A proposal to change the asset declaration law, which would make senior officials’ declaration of cash and bank deposits classified, has drawn harsh criticism in Kosovo.
Kosovo Anti-Corruption Agency director Shaip Havolli caused a furor amongst civil society activists after announcing plans to hide parts of the asset declarations of public officials from the general public.
Presenting the annual financial report in front of the Assembly Commission on Budget and Finance on Wednesday, Havolli said that a new draft bill on asset declarations would make it possible for cash and bank deposits to be removed from publicly available asset declarations.

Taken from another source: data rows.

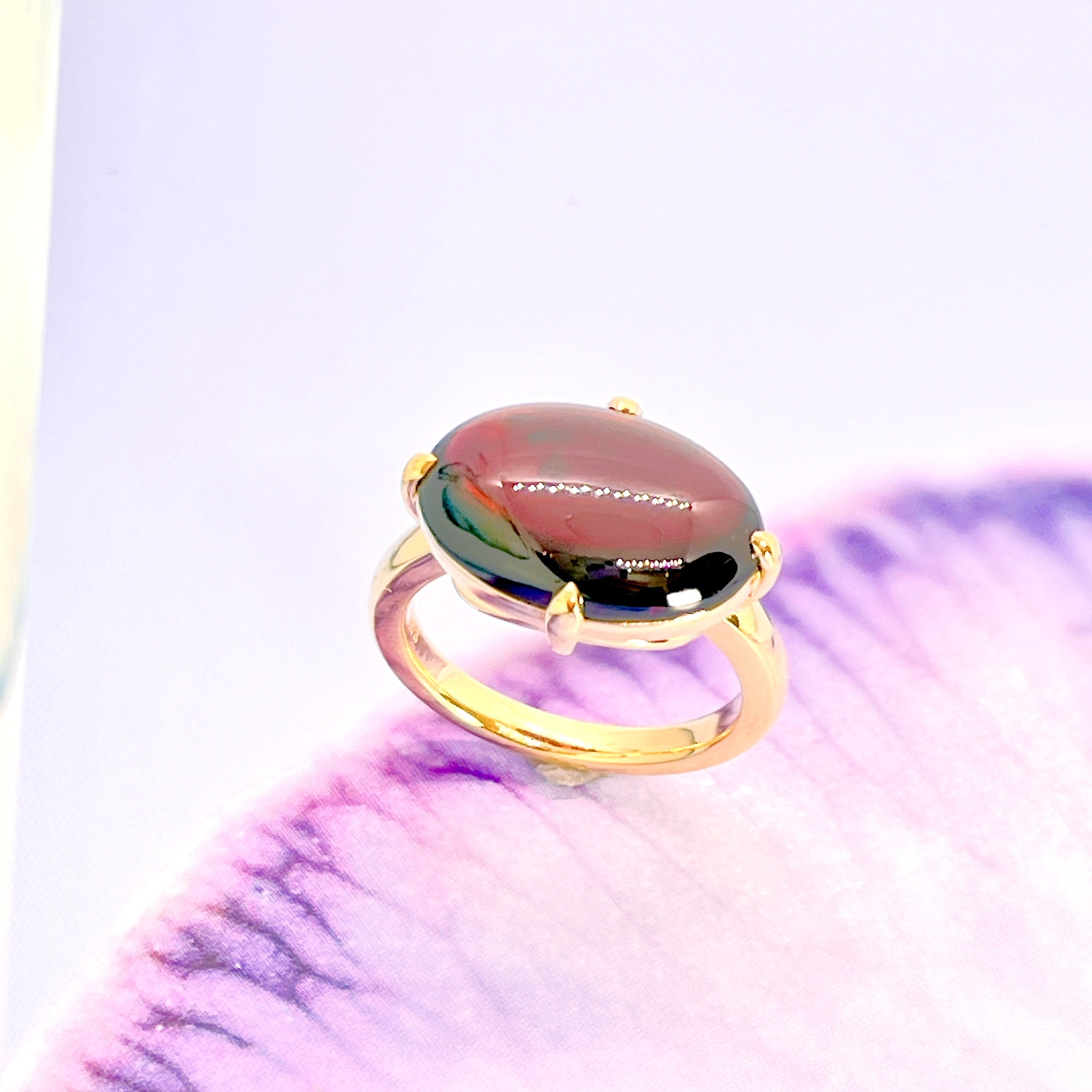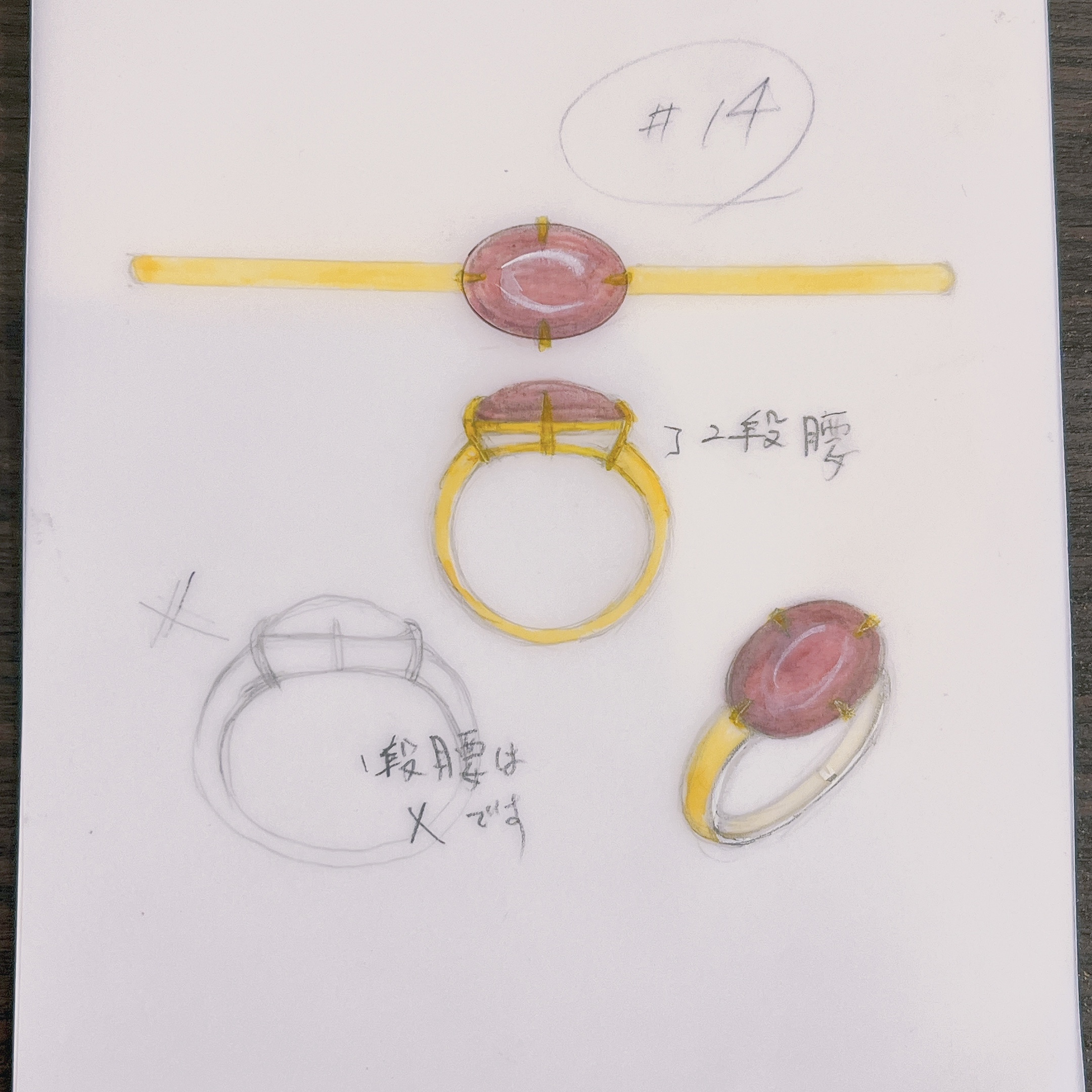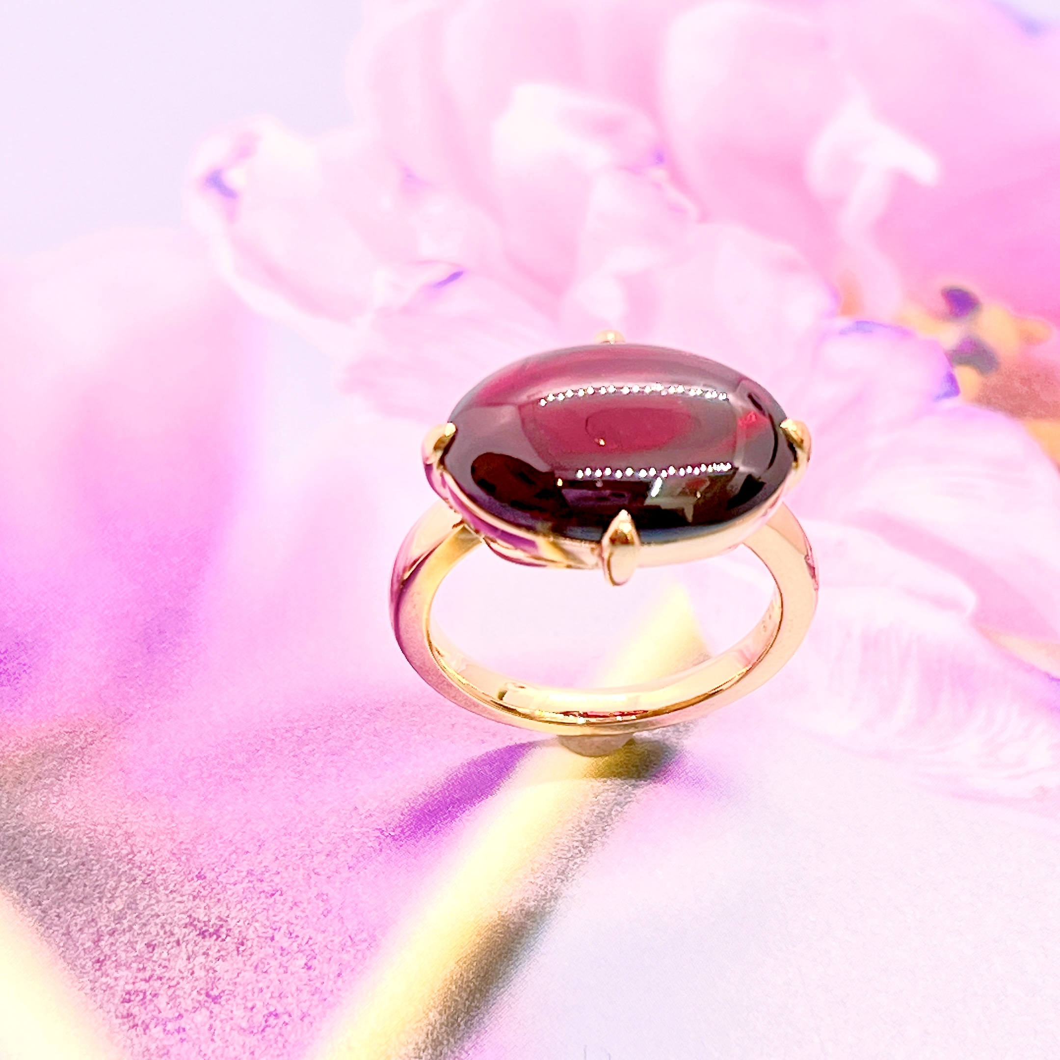 落ち着いた深みのある色のアルマンダインガーネットは、サイズも大きくホワイト系の地金でお作りすると地味になりすぎると思いK18イエローゴールドで台座を作りました。お石を横置きにすることによりモダンな印象になります。今回は、あえてメレダイヤモンドを使わずに日常使いしやすいデザインに仕上げました。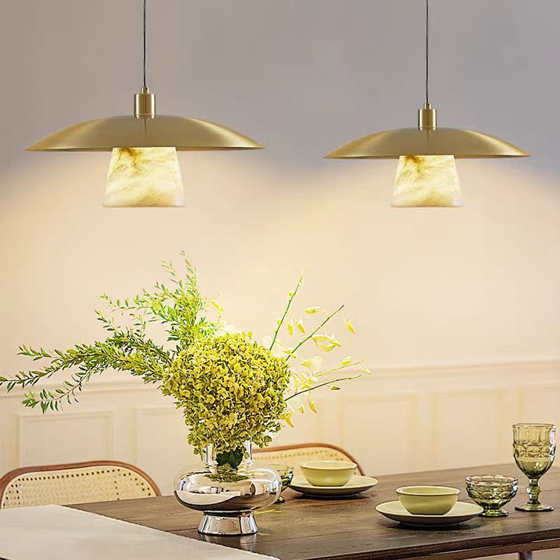 Adjustable Brass Pendant Light with Natural Alabaster Shade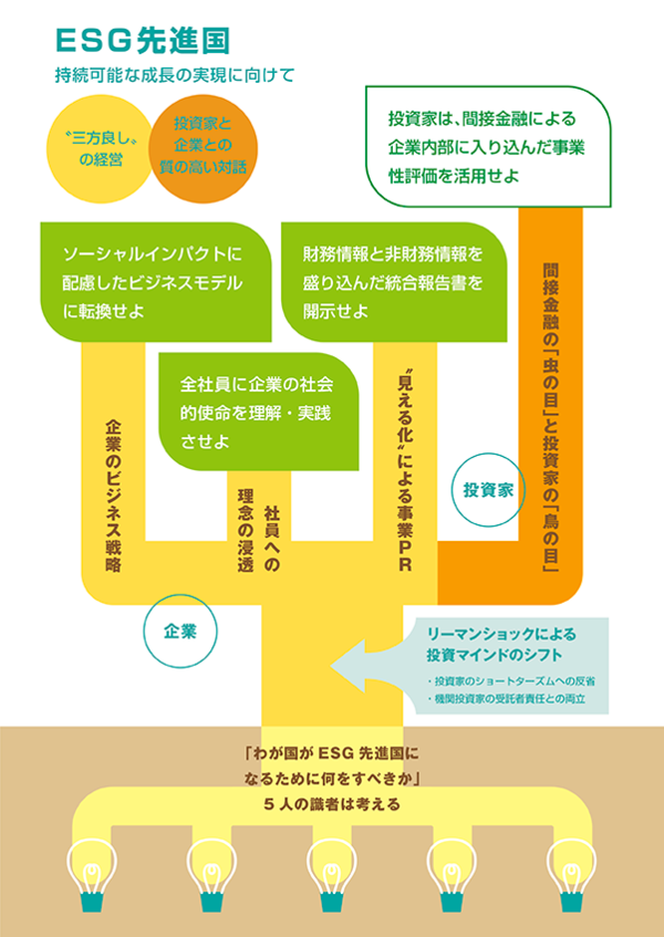 English version わたしの構想No.34 2018.02.10 ESG先進国に向けて この記事は分で読めます シェア Tweet 投資戦略にESGの観点を取り入れる動きが世界的に加速している。投資家や企業に何が求められるのか。わが国がESG先進国になるための課題は何か。 PDF(日本語) PDF (ENGLISH) ABOUT THIS ISSUE企画に当たって ESG先進国に向けて 投資家・企業・市場の課題とは 翁百合 NIRA総合研究開発機構理事/日本総合研究所副理事長 長期的な視点にたち、環境問題や社会的課題の解決に積極的に取り組む企業に投資しようとするESG投資の機運が高まっている。わが国では、2014年にスチュワードシップ・コード、2015年にコーポレートガバナンス・コードが策定されているが、ESG投資の動きは海外が先行しており、日本はようやく取り組みが始まったところだ。今後、日本がESG先進国となるために、解決していかなければならない課題とは何か。そして企業や投資家には何が求められているのか。これまで日本のESG投資をけん引してきた5人の識者の言葉から、解決の糸口を探る。 EXPERT OPINIONS識者に問う 日本がESG先進国になるための課題は何か。投資家・企業はいかに取り組んでいくべきか。 水野弘道年金積立金管理運用独立行政法人理事兼CIO 大場昭義一般社団法人日本投資顧問業協会会長 井垣勉オムロン株式会社執行役員グローバルIR・コーポレートコミュニケーション本部長 竹ケ原啓介株式会社日本政策投資銀行執行役員産業調査本部副本部長 玉木林太郎公益財団法人国際金融情報センター理事長(前OECD事務次長) インタビュー実施:2017年11~12月インタビュー:林祐司(NIRA総研主任研究員) 企画に当たって ESG先進国に向けて 投資家・企業・市場の課題とは 翁百合 NIRA総合研究開発機構理事/日本総合研究所副理事長 KEYWORDS 投資家の人材育成・体制整備、企業の意識改革、非財務情報の開示、市場インフラの整備、EとSの議論の深化 取り組みが広がるESG投資 ESGとは、環境(E)、社会(S)、企業統治(G)を表す言葉である。日本の株式市場でも、機関投資家が、環境や社会的課題に積極的に取り組む企業に投資をする「ESG投資」の動きが広がりつつある。こうした動きの背景には、投資活動を通じて投資先の企業価値の持続的向上をサポートし、その活動の結果として世界が抱える社会的課題の解決につなげようとする意図がある。より一層の広がりが期待されるが、日本がESG先進国になるためには、まだ多くの課題がある。そこで、今回は、アセットオーナー、投資家、金融機関、企業、国際機関の立場でESG投資をリードしてきた方に、それぞれの立場から今までの取り組みと今後の課題について伺った。 変わり始めた日本 近年、ESG投資が世界で意識されるようになったひとつの契機は、国連が2006年に「責任投資原則(PRI)を打ち出したことであろう。この責任投資原則は、投資家に対して、企業分析や評価を行うにあたり、ESG要素を組み入れた上で、長期的な視点に立ち、企業に対して適切な開示を求めることなどを要請している。海外の年金投資家など、他国に先駆けてESG投資への取り組みを本格化しているところも多い。世界の2016年のESG投資残高は、23兆ドルと世界の運用資産の3割に迫る勢いで、これは2年前より25%の拡大となっているが、その過半は欧州の投資家によるものとのデータもある。日本でも、世界最大のアセットオーナーである年金積立金管理運用独立行政法人(GPIF)が前述の責任投資原則に2015年に署名したことや、2017年のスチュワードシップ・コード改訂で、投資家や企業のESGに対する姿勢が変わってきた。ただ、ESGの質的な要素をみると、2015年に打ち出されたコーポレートガバナンス・コードへの対応がようやく一通り終わったところで、企業はGの要素をまず重視しており、EやSへの戦略的取り組みはまだこれからという企業も少なくない。 投資戦略として位置づけよ 日本がESG先進国になるための課題の第1は、投資家が、ESG投資への取り組みを今後の投資戦略における重要課題と位置づけ、そのための人材育成や体制を整備していくことであろう。GPIFの水野氏が指摘するように、環境や社会に配慮しない企業は投資対象としてはリスクが高く、ESG投資に取り組むことは極めて合理的なことである。受託者責任を負う機関投資家にとって、ESGを投資戦略として位置づけることの重要性をまず認識することが必要であろう。 その上で、短期志向の強かった日本の機関投資家は、大場氏(日本投資顧問業協会)が指摘するように、数字に表れない企業価値を、企業との対話を通じて見極め、投資選別の力をつけた人材を育成していく必要がある。また、企業の持続的成長を粘り強く働きかけていく体制を構築することが欠かせない。そうしたことが実現していけば、投資の魅力を高め、最終的に日本の貯蓄から投資への流れを形成することにもつながるであろう。 非財務情報の開示の充実と市場インフラの整備 課題の第2は、企業側のESGに対する意識改革と非財務情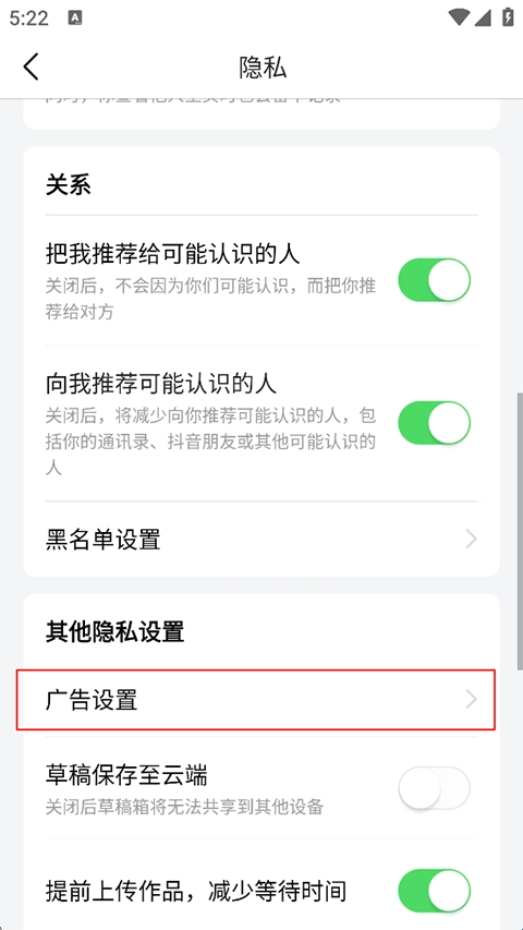 3、找到“广告设置”;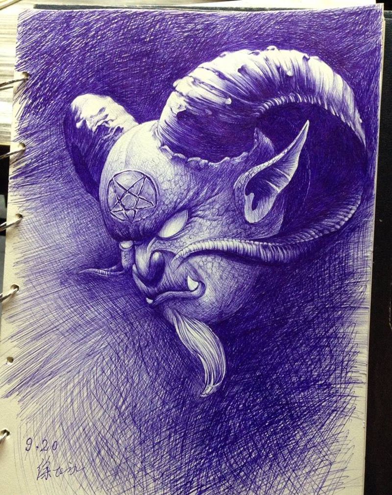 撒旦纹身图片_手稿欧美写实鬼神纹身图案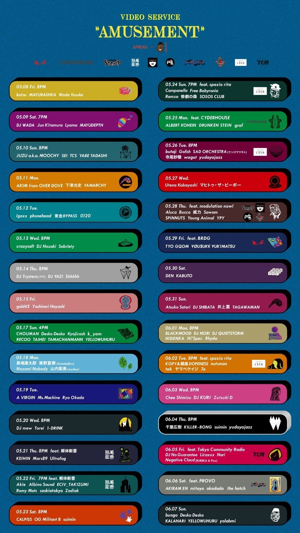 営業自粛後、通常営業ができない中で私達が出来ることを模索し5月8日〜6月7日にかけてVIDEO SERVICE "AMUSEMENT”という1ヶ月間にわたる配信プログラムを立ち上げました。

“With the new law [on declaration of assets] we are planning to make [declarations of] cash and bank deposits unavailable to the public, leaving them available only to the agency,” said Havolli. The reason, he explained, was that senior officials complained that their cash declarations were causing them “family problems,” implying that they were being pestered with requests for loans.
The draft bill is part of an anti-corruption package of bills sponsored by the Ministry of Justice, Havolli claimed. An improved track-record in the fight against corruption is Kosovo’s final criterion for getting visa liberalization to the EU.
Havolli’s statement drew an immediate reaction from watchdog organizations and even his precursor.
Florent Spahija, a legal consultant at the Kosovo Democratic Institute, KDI, said that closing-off asset declarations to the general public was in complete contradiction with the agency’s mission.
“We need to keep in mind that these people are senior officials and are paid with our taxes, so it is in the interest of the public to know how wealthy these people are and how they made that wealth. Their ‘family problems’ are easily solved and should not be our problem as citizens of this country,” Spahija said.
Meanwhile, Isuf Zejna from Democracy Plus, another local think tank, called Havolli’s statement “ridiculous.”
“If an official has accepted to serve in public office, then he has given up his privacy,” Zejna said, adding that asset declarations were useful to the general public and particularly to organizations engaged in anti-corruption projects. “If public officials don’t want their wealth published, then they should resign from public office. The public should not give up on transparency because of them.”
Meanwhile, the former director of the Kosovo Anti-Corruption Agency, Hasan Preteni, also criticized his successor’s comments, arguing that the law should be made stricter, expanding the agency’s competencies.
“Every attempt to close off information is malicious and regressive,” Preteni said.
The current director, Havolli, said that officials are complaining that the publication of their assets online has endangered them, but Preteni argued that between 2006-2016, there were no cases of people being hurt, threatened or intimidated because they had declared their assets.
Preteni maintained that more needed to be done to increase transparency and accountability, adding that “any effort to the contrary will only increase corruption.”
“Such proposals need to be taken seriously, in particular, it’s a pity if the head of the Agency requests this,” Pretendi concluded.